Desde lejos se ven los estaqueados, los enterrados hasta el cuello en el barro helado, los flagelados. La gruta queda en el fondo de una hondonada pedregosa, labrada según dicen por la erosión de los glaciares, y situada aproximadamente en el centro del pentágono que forman las cinco ciudades principales de nuestro tetrarcado. No es una gruta, es una casa; pero conserva su nombre de gruta porque Casandra, en otras épocas, cuando todavía era una escuálida vagabunda, solía refugiarse en una gruta cerca del puerto, y con su persistencia de trastornada siguió llamando gruta primero la casilla de madera que en cierto momento le instaló el Arcontado de Entretenimientos, y luego la espléndida casa-templo que su popularidad vertiginosa no tardó en exigir.
Los turistas del Asia Menor, de Sicilia y de Egipto vienen a visitar nuestro país exclusivamente atraídos por la fama de Casandra. Afluyen en multitud, aun sabiendo que muchos no volverán, o volverán esclavos de sus esclavos, o inválidos, o ciegos. Hasta se murmura que la Capadocia no nos declaró la guerra porque su rey no quiso ofender a Casandra (¡como si algo pudiera influir sobre sus decisiones!).

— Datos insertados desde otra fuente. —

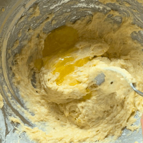 - Zacząć wyrabiać ciasto mikserem z hakiem. (Ciasto jest bardzo klejące). Podczas wyrabiania wlewać stopniowo roztopione, chłodne masło.

Casi todos mis parientes están de acuerdo en afirmar que Casandra es extranjera; pero allí termina el acuerdo, porque todos le atribuyen nacionalidades diferentes. Generalmente basan sus argumentos en los defectos de pronunciación y en los giros foráneos que tanto suelen elogiarle algunos admiradores interesados: este razonamiento es por supuesto discutible, porque nadie ignora que Casandra sería capaz de cualquier extravagancia con tal de llamar la atención; además, pocos pueden jactarse de haberla oído, y menos de haber comprendido lo que decía. Mis cuñados consideran denigrante que una extranjera nos subyugue hasta ese punto; salvo el más alto, que preferiría enojarse con toda la familia antes de admitir que una compatriota, nacida en una de nuestras cinco ciudades, pueda arrogarse semejante preeminencia sobre sus connacionales. Casandra, desde las tinieblas de su demencia, conforma a todos desconcertando a todos; es así como varios profesores de la Universidad aseguran haberle oído pronunciar breves frases y hasta poemas fragmentarios en el dialecto desaparecido de los primeros pobladores de Grecia; se ha comprobado también que por lo menos una vez habló en el idioma de los persas, lo que hace suponer que aun sus frases más incomprensibles corresponden sencillamente a idiomas desconocidos para nosotros pero existentes, o tal vez desaparecidos. Cuando era una mendiga loca que erraba por nuestras calles, nadie se interesaba en sus jergas de solitaria; hoy se escriben libros y tesis de doctorado sobre sus modalidades lingüísticas: porcentaje de vocales abiertas, inflexiones asiáticas, cantidad y altura de las sílabas, etcétera. Ninguno de estos estudios concuerda con ningún otro; y esta es tal vez la casualidad más notable de Casandra: suscitar opiniones que nadie comparte, que nadie quiere ni siquiera escuchar, mucho menos leer.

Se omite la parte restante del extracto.